While medication is often essential to recovery from bipolar disorder and extreme anxiety, I’ve found that people need less of it when they find their way to a gentler up-and-down on the dopamine seesaw. Lembke suggests starting by fasting from the addictive rush for a month, during which a person’s system can reset and learn to function with gentle, ordinary dopamine release.

In the setting of the blizzard of 2026, a friend of mine lost all power for most of the week. His life was consumed with finding and storing food and water, cooking outside with propane, and finding fuel for the fireplace to keep his family and houseguests warm. All of the things that had made him anxious for months disappeared. There was no time for anxiety when his focus was grounded in the here and now. 

Another strategy for coping with extreme dopamine cravings is based on a biological principle called hormesis, which asserts that a stressor or toxin that causes harm at high doses can actually cause a beneficial adaptive response at lower doses. (Think: “What doesn’t kill you makes you stronger.”) Hence, when you engage in limited amounts of mildly uncomfortable activities, such as cold plunges, cardiovascular exercise, or anxiety-provoking situations such as public speaking, you briefly stress your system; when the stress ends, you experience a healthy dopamine release, which encourages further engagement in healthy behaviors. 

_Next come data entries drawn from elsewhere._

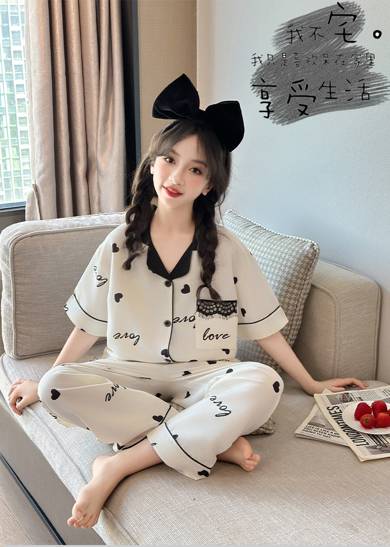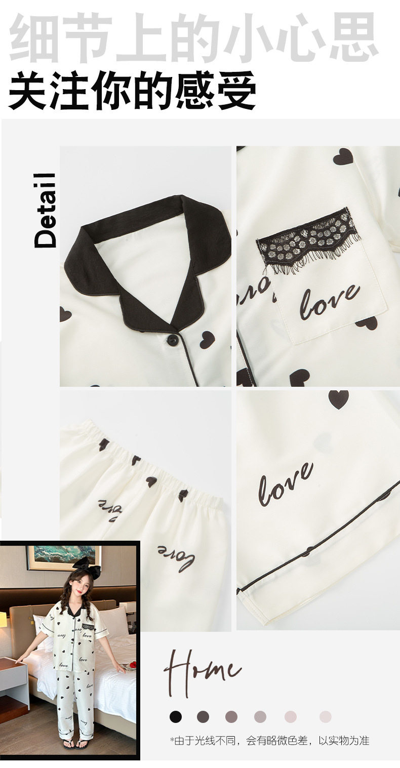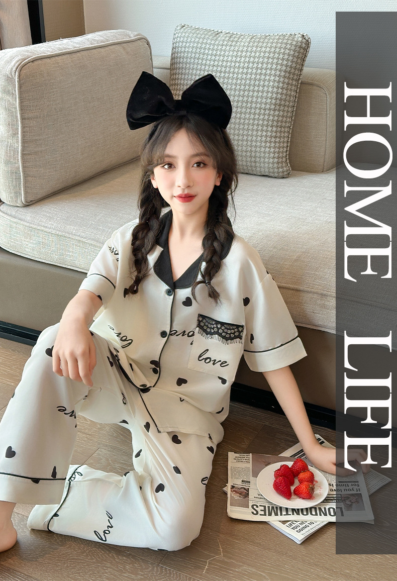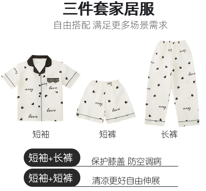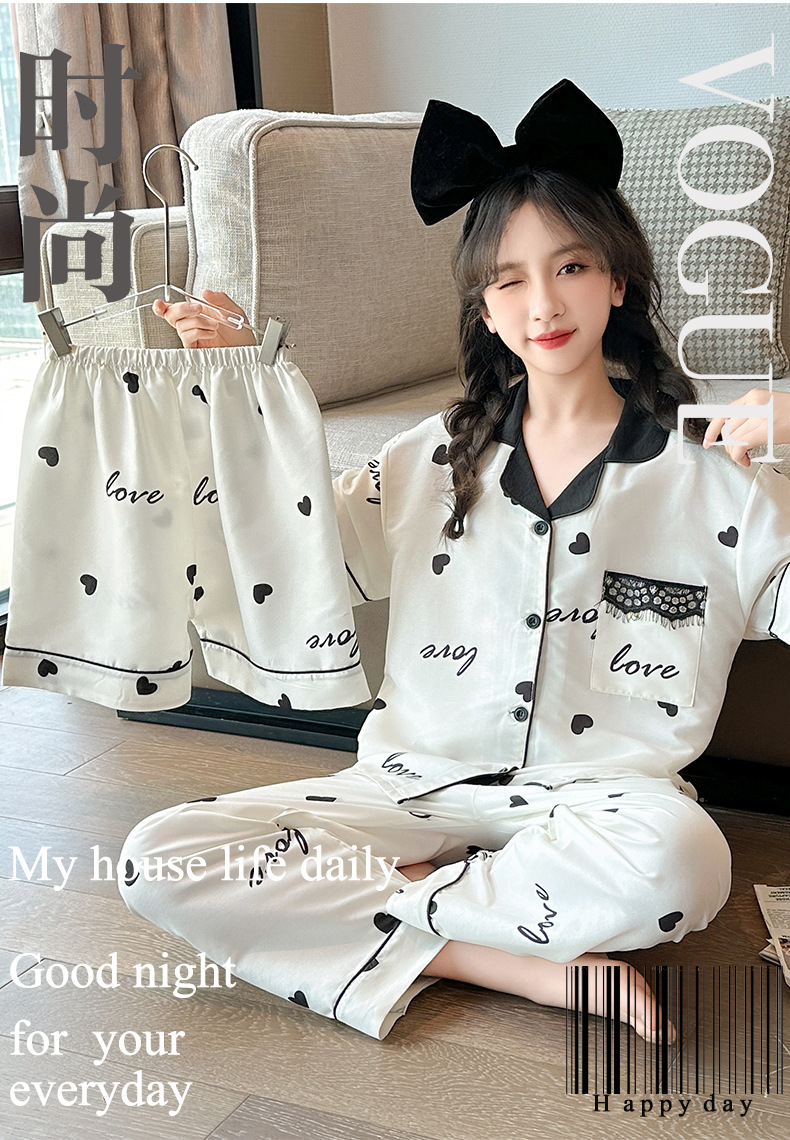여자 여름 얼음 실크 잠옷 3 피스 세트, 여자 여름 옷, 느슨한 가정 옷, 반바지 및 바지 정장
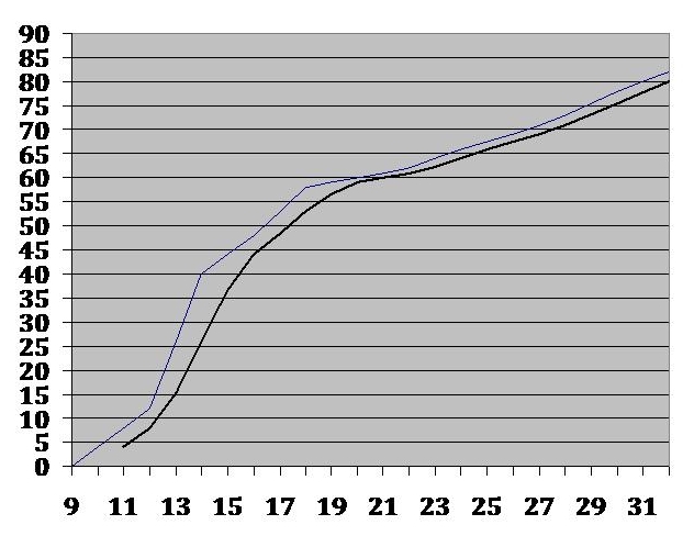 2. Arry verfügt vermutlich über einen evt. nicht ganz so guten Aufbau und hat noch nicht soviel Erfahrung beim Messen. Die Abweichungen zu einer harmonischen Kurven, führe ich primär auf "ungenaues Messen" zurück, z.B.: Statt 15,0" nur 14,7" ausgezogen oder statt 25,0" nur 24,8" aber statt 26,0" sogar 26,3" ausgezogen.
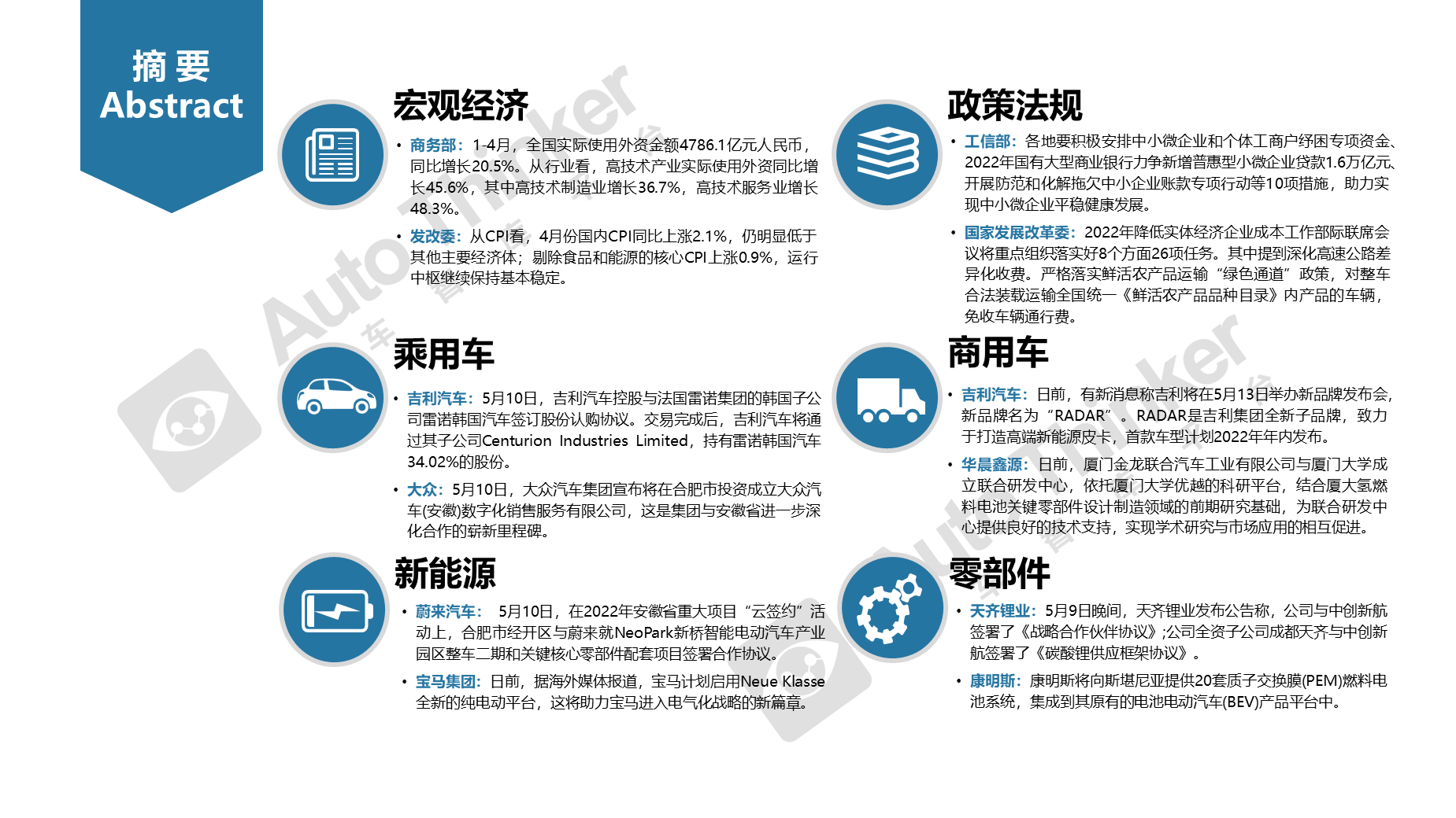 【科瑞咨询】中国汽车产业调查总第0726期(2022年5月9日-2022年5月15日)
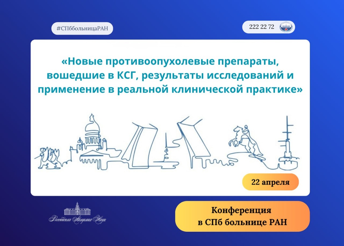 22 апреля 2026 года на базе СПб больницы РАН состоится ежегодная научно-практическая конференция «Новые противоопухолевые препараты
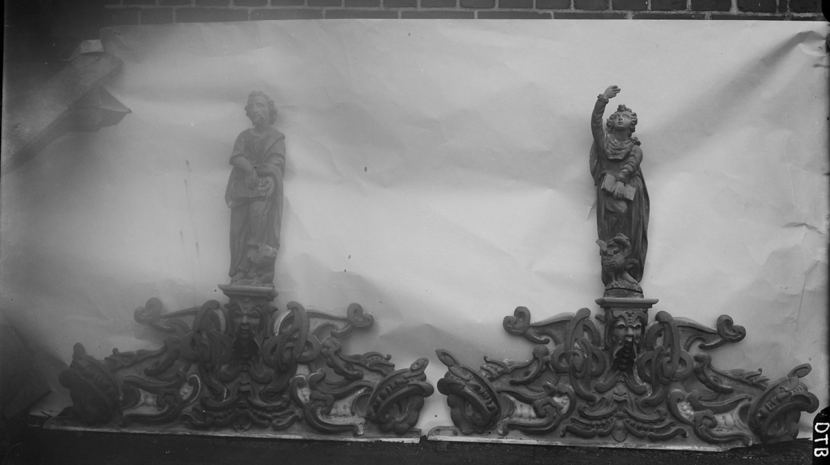 Trelleborgs kyrka, interiör. Två träskulptur från altartavlor.
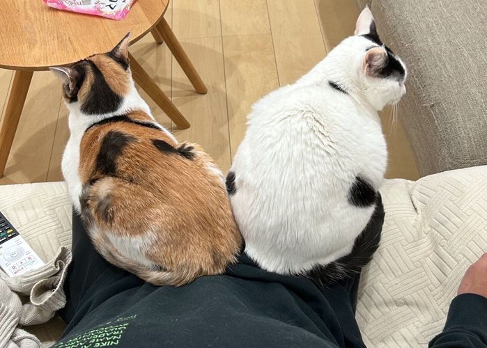 飼い主さんに話を聞くと、写真はとある日の寒い朝に撮ったものだそう。飼い主さんが出勤の準備をしようとしていたところ、2匹が暖かさを求めて膝の上にやってきたのだとか。
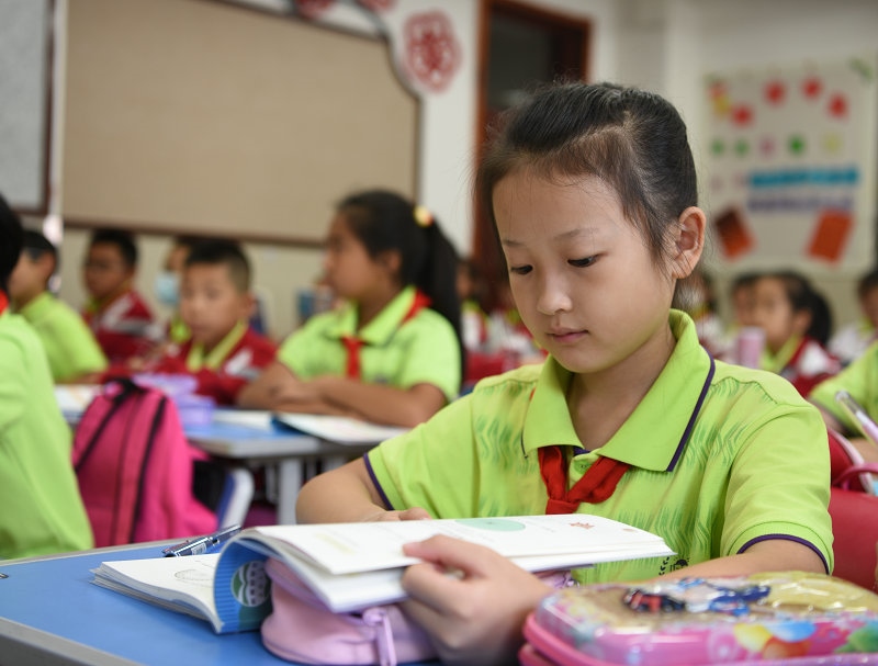 “《滿江紅》的作者是誰?”老師提問?!啊稘M江紅》的作者是抗金英雄岳飛,‘莫等閑,白了少年頭,空悲切!’”同學(xué)周浠浩回答。
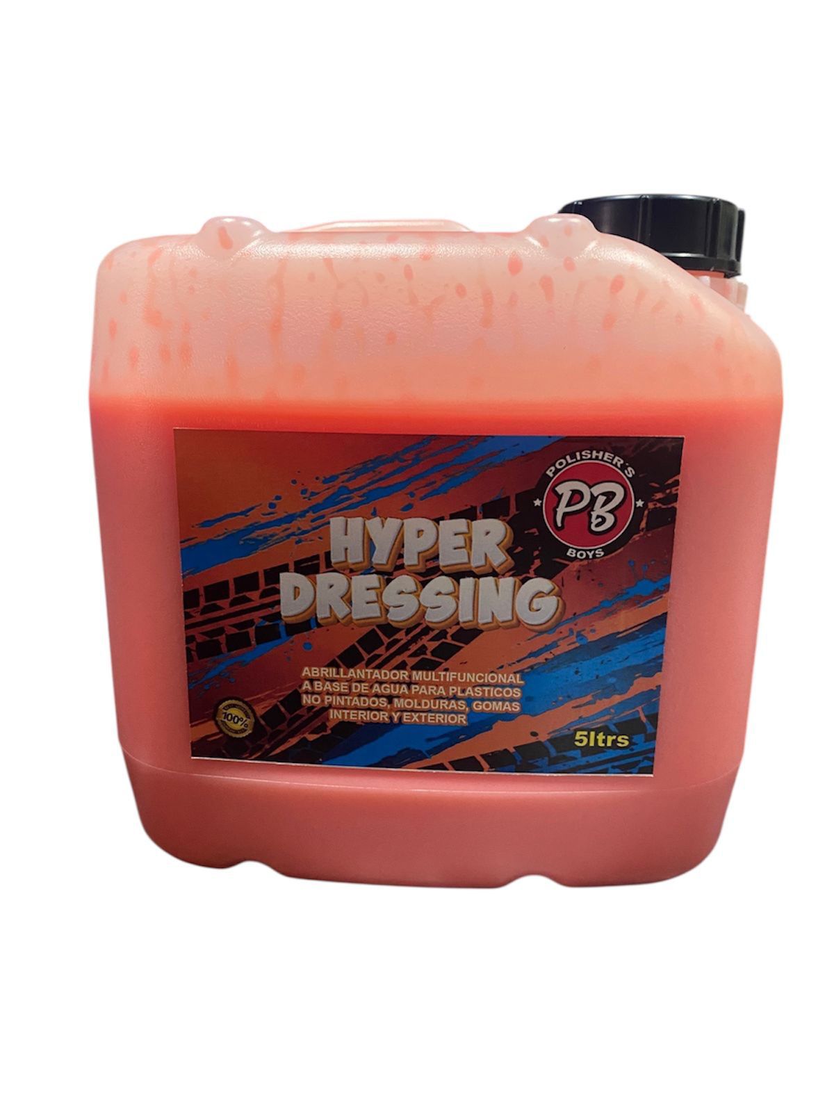 Hyper Dressing es un abrillantador multifuncional a base de agua, ideal para plásticos no pintados, molduras, gomas y paneles interiores o exteriores.
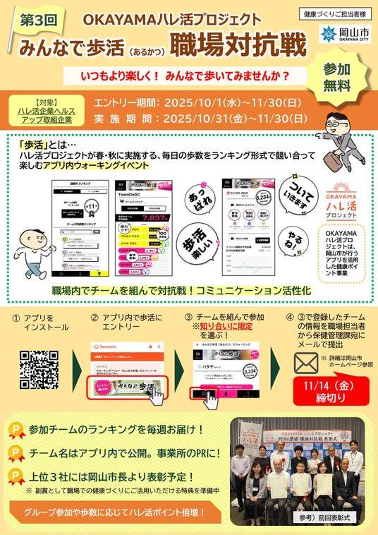 毎日の歩数をランキング形式で1か月間競い合う、OKAYAMAハレ活プロジェクトのアプリ内イベント「みんなで歩活(あるかつ)」。従業員の健康づくりに役立ててもらおうと昨年11月から事業所を対象に職場対抗戦を開始し、今回で3回目の開催。令和7年11月は、19事業所49チーム、381人が参加しました。
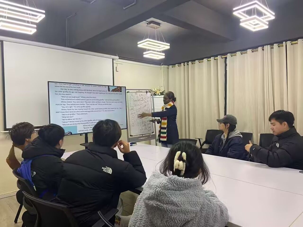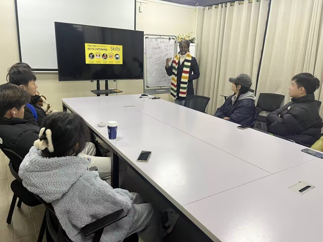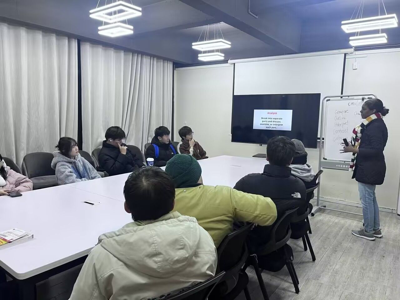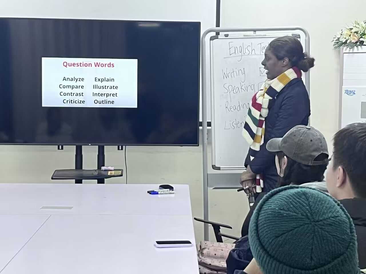 活动伊始,外教Kris深入浅出地分析了四六级阅读、写作、翻译以及四六级听力和雅思听力的备考要点,为同学们指明了备考方向。她提到,听力部分需要同学们提前熟悉题型,提高听力速度,并在平时的训练中多做笔记。阅读部分则要求同学们掌握不同题型的答题方法,增加阅读量,积累词汇量,并注意段落结构。

Never before in human history have we had such easy access to extreme reward, be it through our phones, pornography, junk food, drugs, or shopping. With such readily available opportunities for comfort, it should come as no surprise that so many young people have such high rates of anxiety and depression. 

A recent column by the journalist David Brooks made me see the dopamine seesaw through a different lens. In his essay “We’re Living Through the Great Detachment,” Brooks suggests that with decreasing attendance at places of worship and community groups, fewer marriages, and fewer romantic relationships — particularly among youth — there is a loss of love. He goes on to say, “Love is the most powerful energy source known to humans.” Love is so powerful and motivating, Brooks writes, that it makes you “want to care for and serve the thing you love. Your love is propelling you this way or that. You want communion with the thing you love.” In other words, love creates a powerful and stable reward system in the brain. Dramatic highs and lows are seductive stuff, but gentle and enduring love — for people, for work, for hobbies, for a higher power — is a happier and ultimately more sustaining approach. 

I am reminded of a limerick that my friend, neurologist and psychiatrist Barry Fogel, wrote about dopamine and oxytocin (a neurotransmitter that modulates attachment, empathy, and the feeling of safety in relationships):

 

A captain remarked to his bosun,

He’d had ladies all over the ocean.

Now for babies and wife,

He’d reordered his life.

Then dopamine, now oxytocin.

 

Intense dopamine hits sure do feel good. But perhaps the enduring love and human connection that people experience in healthy relationships, family, the 12-step fellowship, and a supportive community feel even better.